[Input for this task]

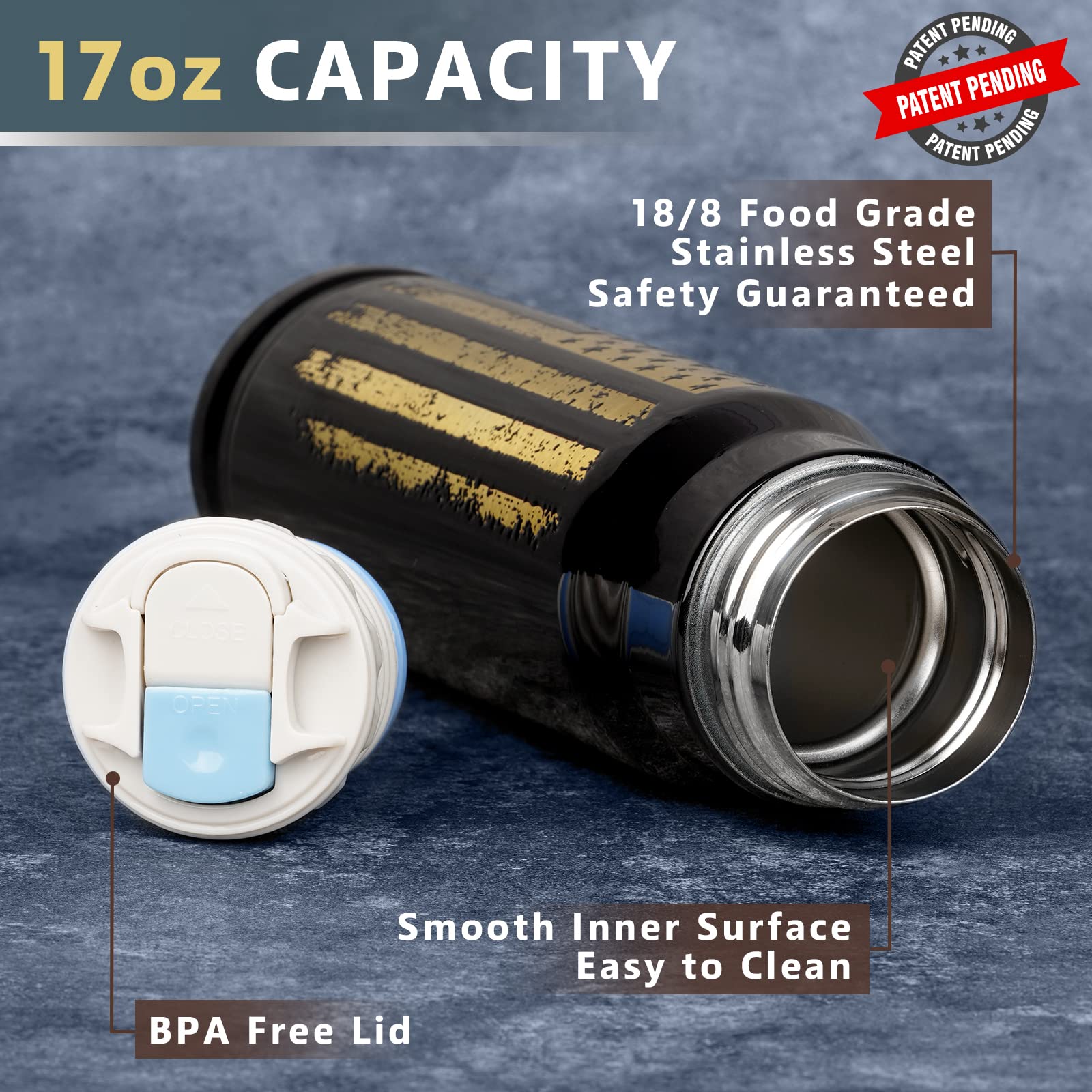 - Premium 18/8 Food Grade Stainless Steel: The bullet thermos for men is saftey guaranteed and can keep cold or hot longer and it is made from 18/8 food grade stainless steel without metalic taste. It is really nice gifts for men who have everything, it's Father's Day, Christmas, Thanksgiving, Birthdays, Valentine's Day, or an Anniversary, this stunning tumbler is the perfect gifts for your Dad, Father, or Papa, showing him how much you truly love and appreciate him
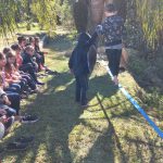Para realizar a atividade, no meio ambiente, utilizamos duas árvores para fixação do slackline e adaptamos as regras para as crianças, com objetivo de atravessar de um lado para outro com ajuda de um colega.
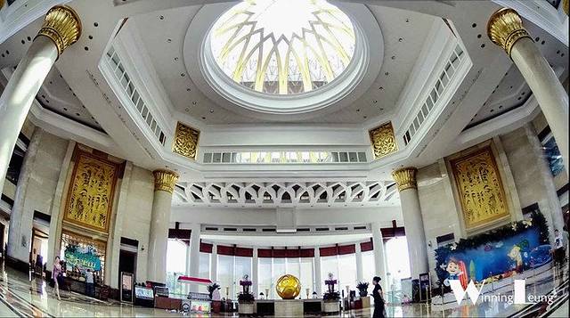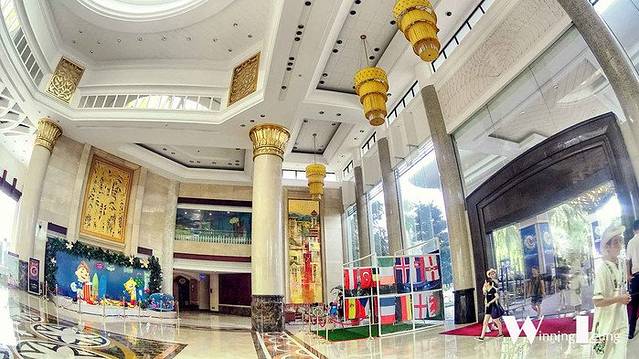 放我下车的位置并不是主大堂,但是也让我一眼就见到了此行的重点行程--环球太太比赛的大背板。配合酒店的镂空雕塑造型,真是相当有气势呢!
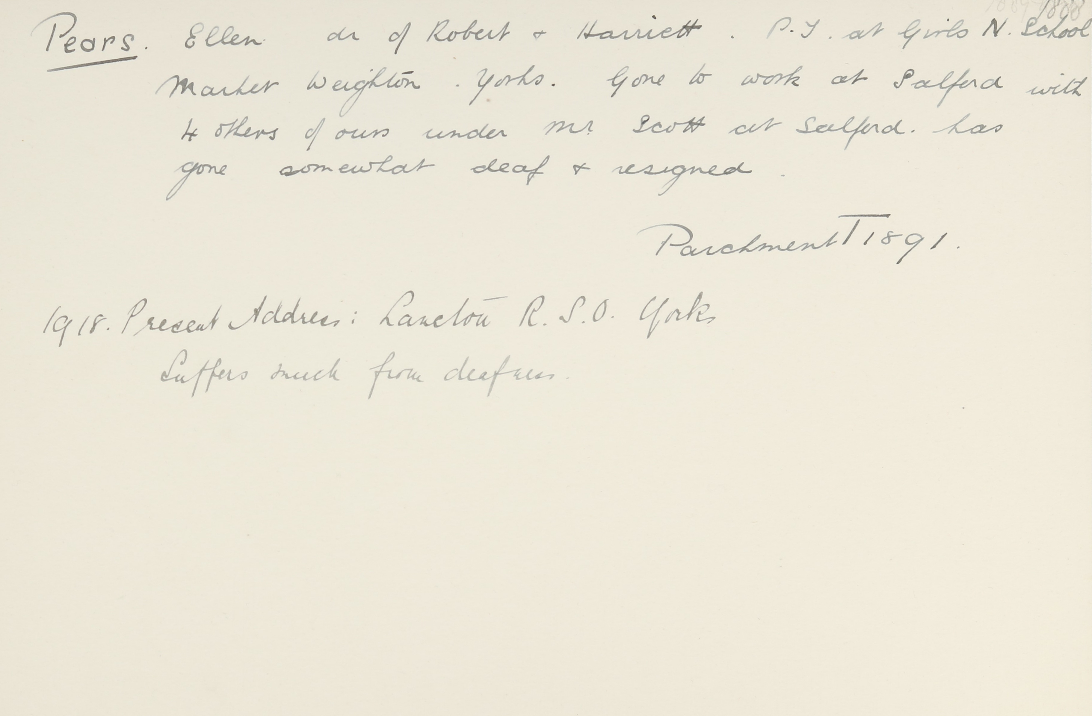 She is at Mask Farm, Pocklington. Her father is listed as ‘Farmer’. Her mother, siblings (Annie and Robert) and her married sister, Elizabeth Smith, are unlisted. Her brother, William, is listed as ‘Farmers Son’. Her brother-in-law, James Smith (b. 1864), is listed as ‘Carrier’. Ellen is listed as ‘Schoolmistress National’. There is a farm servant, Sam Maffin (b. 1877).
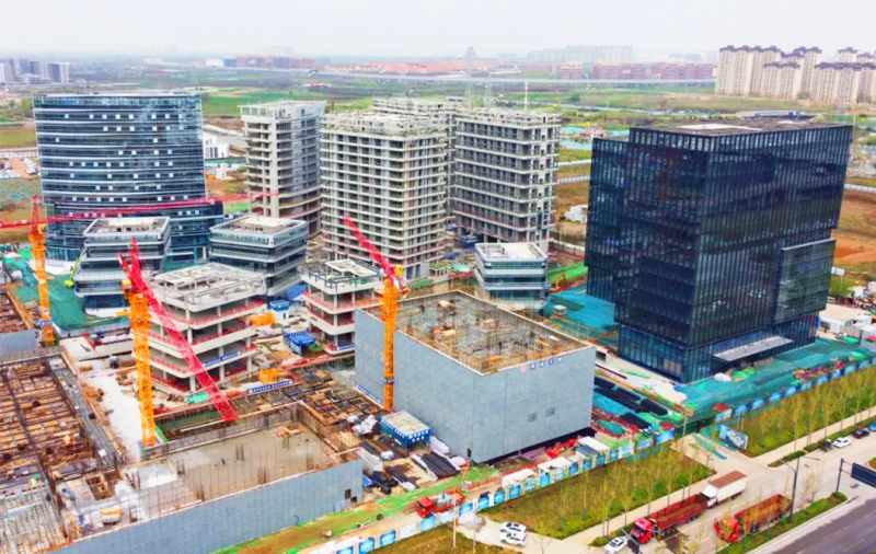 项目分三期开发建设,目前一期累计封顶楼宇11栋,5栋楼宇幕墙施工均已完成,4栋楼宇正在进行幕墙施工,预计今年下半年一期全面交付使用。
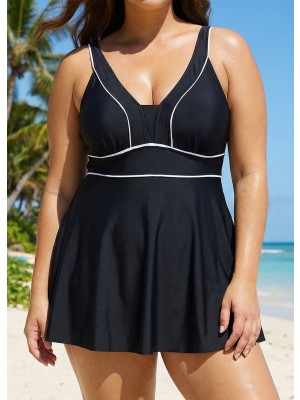Embrace modern elegance with this one piece swimsuit with skirt! The color block design features a Vneck with white line accents and adjustable straps.Fixed pads provide great support,making it perfect for plus size women.
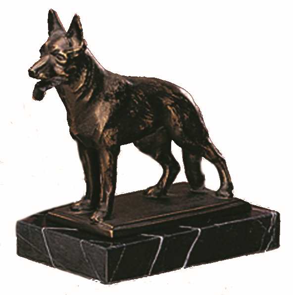 Bronzereplik Deutscher Schäferhund auf edlem Marmorsockel. Ein echter Blickfang! Höhe: 15 cm
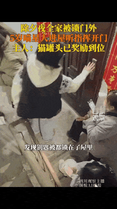 立大功了!除夕被锁门外,全家急疯!猫咪5分钟开门救场。 湖北宜昌一女子,除夕全家出门吃年夜饭,走到半路发现钥匙忘在家里。͏ 大过年的,开锁师傅全放假,物业也没备用钥匙,一家人急得团团转,眼看年夜饭就要泡汤。 就在绝望时刻,家里五岁的猫咪遛弯回家,女子灵机一动:这猫平时总看家人开门,说不定真会! 家里留了扇小窗,刚好够猫咪钻进去。众人把猫咪送进屋,隔着门指挥。 猫咪纵身一跃,用身体重量压下门把手,只听“咔哒”一声,门真开了!全程不到5分钟。 一家人顺利进屋,猫咪当晚收获罐头“年终奖”,直接封神。 网友笑称:年度最佳员工,比开锁师傅还靠谱! 温馨提醒:出门前一定检查钥匙,不是谁家都有只湖北宜昌“开锁猫”~
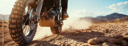 Close-up of motorcycle tire kicking up dust on a sandy road
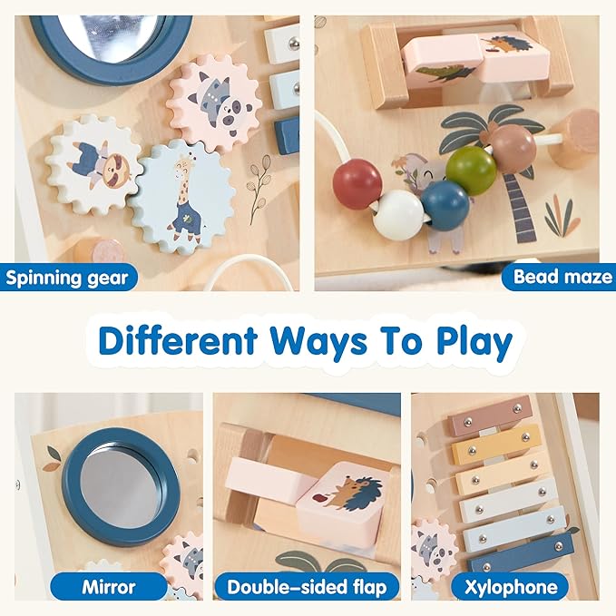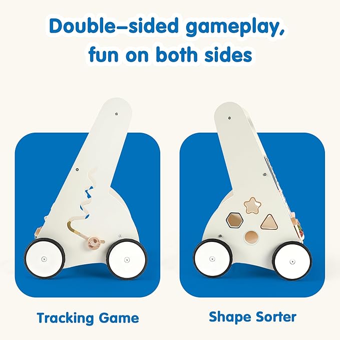 - Walker and activity center: The sturdy wooden frame with non-slip rollers supports baby's learning to walk, and can also be converted into a sensory play station to accompany the baby's growth
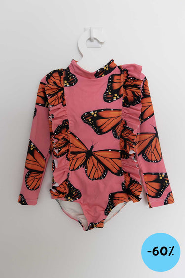 One-piece long sleeve swimsuit with two side ruffles and high neck with zipper in the back. The fabric has UPF50+ protection factor which means that it acts as a protective shield against the sun's UV rays. Made in Colombia

[/Input for this task]

▶ _Task directions_: Beginning with the line containing "Bronzereplik Deutscher Schäferhund" and ending with the last line of the listing above, output those lines exactly as written, without pictures.

▶ _Response below_:
 Bronzereplik Deutscher Schäferhund auf edlem Marmorsockel. Ein echter Blickfang! Höhe: 15 cm
 立大功了!除夕被锁门外,全家急疯!猫咪5分钟开门救场。 湖北宜昌一女子,除夕全家出门吃年夜饭,走到半路发现钥匙忘在家里。͏ 大过年的,开锁师傅全放假,物业也没备用钥匙,一家人急得团团转,眼看年夜饭就要泡汤。 就在绝望时刻,家里五岁的猫咪遛弯回家,女子灵机一动:这猫平时总看家人开门,说不定真会! 家里留了扇小窗,刚好够猫咪钻进去。众人把猫咪送进屋,隔着门指挥。 猫咪纵身一跃,用身体重量压下门把手,只听“咔哒”一声,门真开了!全程不到5分钟。 一家人顺利进屋,猫咪当晚收获罐头“年终奖”,直接封神。 网友笑称:年度最佳员工,比开锁师傅还靠谱! 温馨提醒:出门前一定检查钥匙,不是谁家都有只湖北宜昌“开锁猫”~
 Close-up of motorcycle tire kicking up dust on a sandy road
 - Walker and activity center: The sturdy wooden frame with non-slip rollers supports baby's learning to walk, and can also be converted into a sensory play station to accompany the baby's growth
 One-piece long sleeve swimsuit with two side ruffles and high neck with zipper in the back. The fabric has UPF50+ protection factor which means that it acts as a protective shield against the sun's UV rays. Made in Colombia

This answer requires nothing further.